The corrosion properties of the NiTi–Ta structures were investigated in Hanks solution according to ASTM standard . Dimensional details of corrosion samples are indicated in Table 1. Corrosion samples with four different Ta geometries were tested: samples covered with 25-µm Ta dots, with 280-µm Ta dots, with Ta stripes, and NiTi thin film reference samples without Ta. The amount of dots was chosen so that the Ta surface was kept constant between the samples. Prior to the corrosion tests, the open-circuit potential was measured for 10,000 s. Potentiodynamic scans were performed with a scan rate of 1 mV/s. All samples reveal excellent corrosion resistance independent of the geometry of the Ta layer, with breakdown potentials in the range of 2 V and rest potentials between 0.08 and 0.14 V, measured versus the Ag/AgCl reference electrode (Fig. 6). However, breakdowns do not appear as a discrete jump in corrosion current, but rather a steep increase in slope. The repassivation potential ranged between 1.1 and 1.3 V, passivation currents for the tested 1.08 cm diameter surface ranged between 3 and 9 µA. SEM investigations after corrosion tests revealed the deposition of electrolyte constituents, and no signs of pitting corrosion. It is therefore assumed that the increasing currents at voltages higher than 2 V are not connected to corrosion breakdown, but rather to other processes such as gas formation.
Conclusion and Outlook
We presented a novel approach to fabricate self-expandable medical components from NiTi with increased radiopacity. The MEMS fabrication process allows for producing fine superelastic NiTi structures, covered locally with arbitrary Ta patterns. NiTi thin films with Ta thicknesses of up to 20 µm have been investigated and their X-ray visibility has been shown. The investigation of the mechanical properties of these multilayer structures revealed a strong influence of the Ta geometry on the transformation of the underlying NiTi, with a complete inhibition of transformation in case of a continuous Ta stripe covering 50% of the NiTi tensile specimen. Samples with patterned Ta dots allowed at least for a partial martensitic transformation between the dots. When the total surface area covered with Ta is further reduced, which is the case for samples with dots of 100 µm and smaller, a complete martensitic transformation up to 5% strain was observed. The array of 25-µm Ta dots revealed no significant influence on the superelastic NiTi transformation, the tensile curve being similar to that of pure NiTi thin film and revealing a good cyclic stability of the functional properties with low remanent deformation after 250 full cycles to 5% strain. However, the Ta dot geometry seems disadvantageous in respect to the inhomogeneity of stress fields generated during the transformation, as well as in respect to the angle between tensile strain direction and the Lüder-like transformation bands. FEM calculations need to be employed to optimize the Ta geometry, and will result in an application-specific compromise between an unrestricted transformation and X-ray visibility. The corrosion resistance of the investigated multilayer structures is excellent and is not affected by the additional Ta layer, with breakdown potentials in the range of 2 V. This exceeds significantly the breakdown acceptance criterion of 0.6 V . However, the observed behavior does not really imply corrosion breakdown, but rather gas formation  and the deposition of electrolyte constituents.
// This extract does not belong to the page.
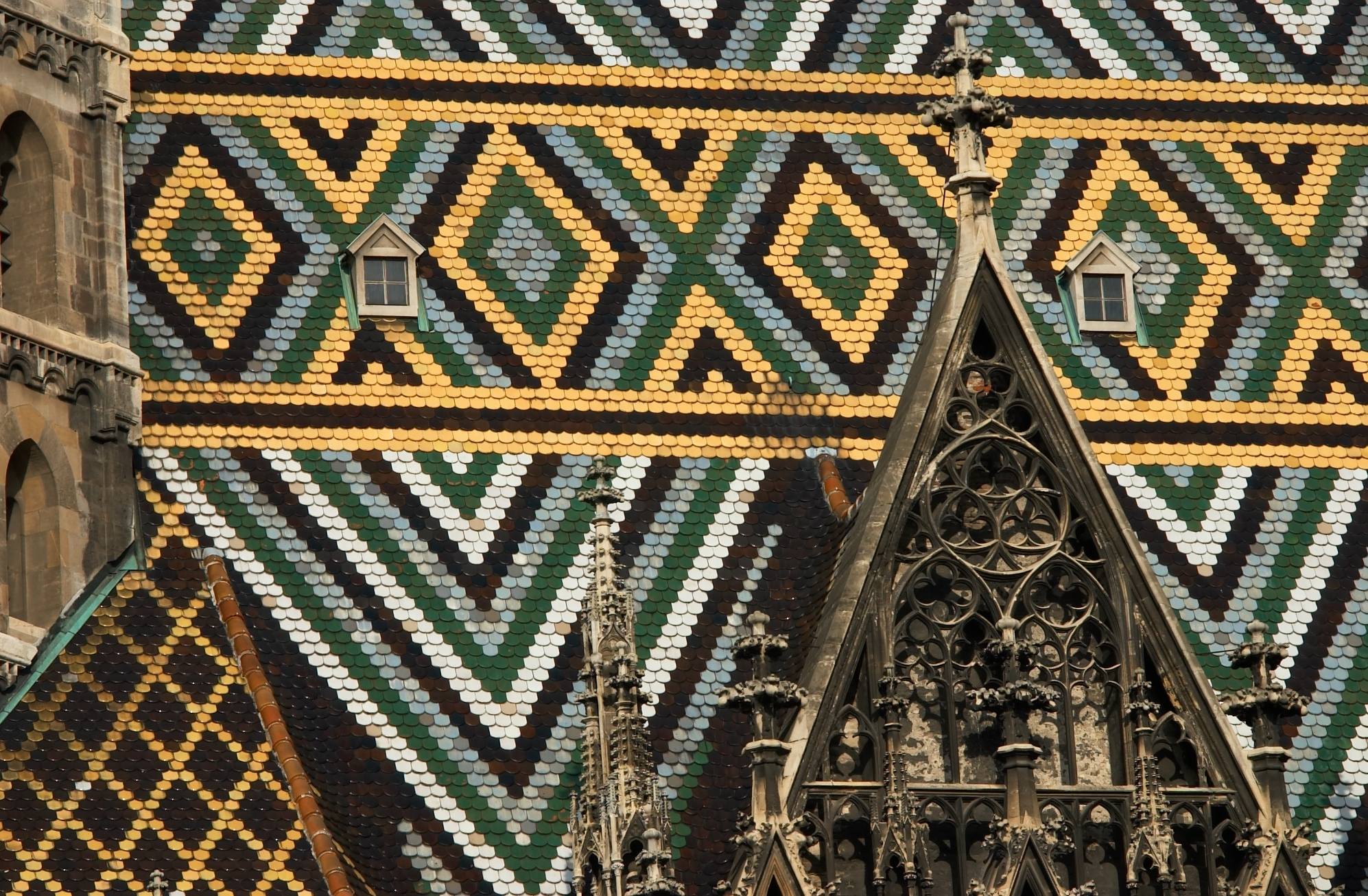 Some of the 200,000+ glazed tiles that cover the magnificent roof of the Stephansdom cathedral.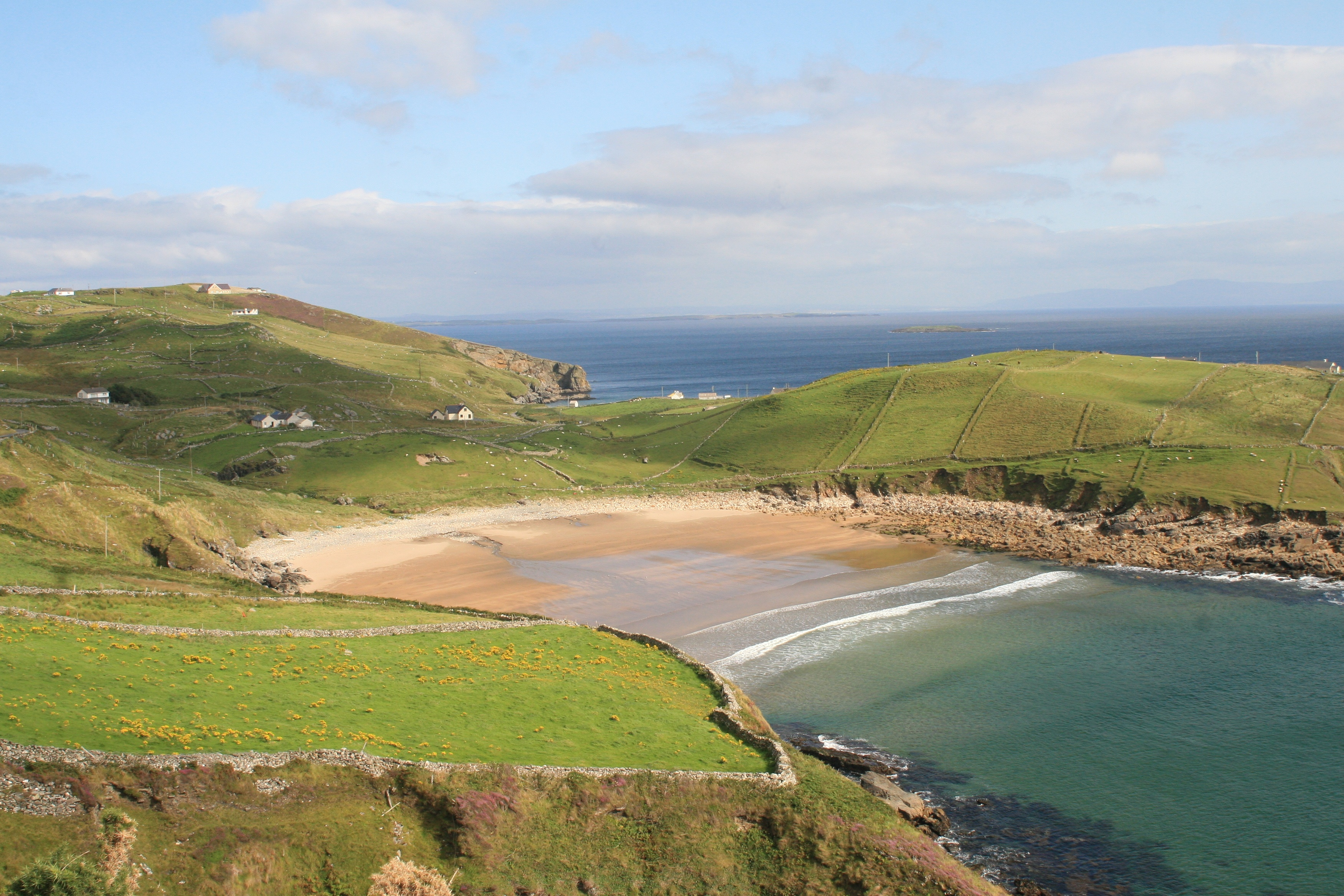 Muckros, County Donegal, Ireland Peninsula of Muckros, as seen from the Traloar viewpoint at the coast road between Kilcar and Shalwy, looking southeast. Behind the peninsula, the small island Inishduff is to be seen. Far at the horizon, the peninsula south of Dunkineely is to be seen up to St. John's Point and, on the right side, the Sligo coastline along with Benbulben can be recognized.

The current study demonstrates promising results of sputtered NiTi + Ta multilayer devices for medical applications. On the other hand, the study has some limitations: the biocompatibility of the fabricated multilayer structures was not addressed, and will have to be investigated in vitro in future work. However, the combination of Ta and NiTi seems to be uncritical, since the multilayers show good corrosion resistance and both NiTi and Ta are biocompatible. Also, the multilayer samples showed high passivation potential in the corrosion tests; however, corrosion was not characterized under strain, e.g., under pulsatile testing, and scratch tests were equally not performed.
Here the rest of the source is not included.